Imagine sitting at a traffic light that long, or waiting at a McDonalds that long when there's nobody else waiting.  

Pure waste of time, serves zero purpose and displaces the next game of chess.  I like chess, that's why I won't sit there for three minutes, I want to get on to some more chess.

That's why nobody should have to wait more than five seconds on a forced move, we all should get on to some more real chess.  Staring at a lost position for 80 minutes need not be "real chess" for anyone, given electronics.  That's not even good for the loser. 

 

Respectfully submitted.

Avatar of SouthWestRacingNews
qrayons wrote:

Every time a lower rated player would reach a drawn position against a higher rated player, the lower rated player would offer to double that way they get two draws.
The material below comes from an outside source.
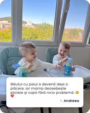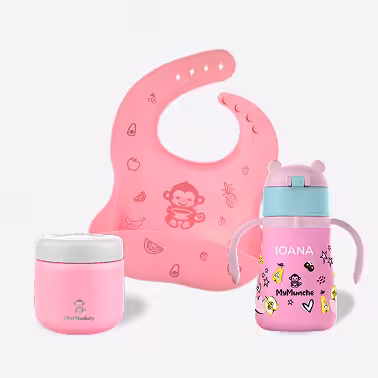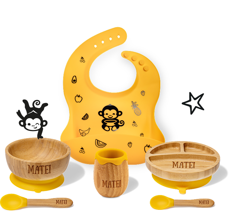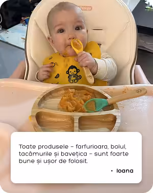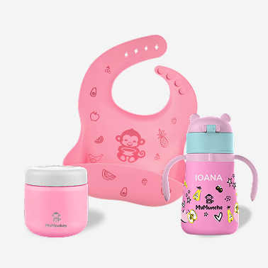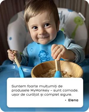 Puteți folosi produsele MyMonkey din perioada diversificării (luna 4-5). De asemenea, pot fi folosite până la vârsta de 3-4 ani, când copilul începe să mănânce singur.

You can program that out. 

Avatar of landloch

I play G/10; when I do this I am basically agreeing that my opponet can do whatever he or she wants with his or her 10 minutes. My opponet is under no obligation to use that time as I want them to use it.

With this mindset I never get frustrated at having to wait for a move.

Avatar of SmyslovFan

Good perspective, landloch! 

Unfortunately, such a pragmatic approach doesn't work in longer time controls. USCF and FIDE both have rules against some of the time wasting tactics seen here regularly, and they just cover standard time controls!

In correspondence chess, people often deploy the Death Gambit, whereby they slow the game down as much as humanly possible in order to try to win due to their opponent dying of old age! 

There are of course well-known remedies. One is adjudication, another is to use ICCF time controls in correspondence. I'm sure there are plenty of other fixes that don't involve destroying the rating system.

Avatar of landloch

I would be less blasé about "time wasters" at long time controls, SmyslovFan; and people do time out frequently enough (2–3% of my games?) that it could get annoying. I do think chess.com's Online Chess, with per-move time controls, is a good solution for long games, however. Presumably this could even be implemented at shorter times like G/90 with a 20 min. per-move limit ... at least for non-tournament online games, which is what must of us are on this site to play.